For the skills lab, Visiting Nurse Service invited area vendors to attend so nurses could get hands-on experience with equipment used by the various vendors and ask questions. The lab also includes an opportunity for nurses to cannulate a vein on each other, a lab that showed urokinase installation and repairing a PICC line.
Billings notes that advanced nurses don’t repair PICC lines, a job that is left for a core group of the advanced IV team.
"There are just nine members of the core group. It is the group that does the more advanced troubleshooting of pumps, and more specifically, they are the ones that are trained at removing and repairing PICC lines," says Billings. Three members of the team have received certification to insert PICC lines through training at a local hospital.
The lecture portion of the class addresses:
• An overview of the different types of lines.

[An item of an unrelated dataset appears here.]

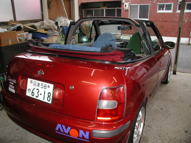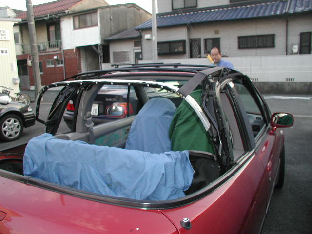 古い幌をはず時随分雨漏り止めのゴムのリガ入ってました、幌が出来上がり雨漏り検査を

• Policy and procedures (addressed in the basic class as well).
• Peripheral lines.
"Each of the above sections includes indications for use, skilled techniques, patient education, nursing implications, documentation requirements, copies of skills checklists for all the different procedures, subcutaneous pumps, IVADs, infusion therapy pumps, and controllers, epidurals, urokinase and legal implications," Billings explains.
"It also includes a piece on anatomy and physiology of the different veins in the arms; and for all the different sections, we found journal articles that would be interesting, and included them as well."
Now that the advanced IV team is back up and running, combined with the basic IV skills required of all nurses, Billings says the staff and patients have the best of both worlds.
"When we have an infusion patient, that patient goes to a member of the IV team," says Billings. "The benefit is that the accountability for the patient remains with a member of an IV team. But if that nurse is overwhelmed that day, she can use a member of the basic nursing staff to do a revisit because they are able to use basic IV nurses for some visits."
This is in sharp contrast to what happened when all nurses were receiving IV patients. For example, if a patient had a PICC line and a member of the basic nursing team made a visit and the line was occluded, a second nurse with advanced IV skills was called to come out and assist the original nurse.
"Now there is one nurse who is accountable," says Billings, "and each IV patient is being primaried by a member of the infusion therapy team. Yet, if that team member is unable to see the patient on any given day for any reason, they can at least float it to a nurse with basic skills."
Billings says there are 35 nurses on the advanced team who case manage, but a total of 50 nurses on the team in order to allow for 24-hours-a-day, seven-days-a-week coverage.
In the nine months the team has been back in place, Billings says she has already seen a difference. "We haven’t collected data, but I see an increase in staff satisfaction, and I am not doing near as many co-visits," she says.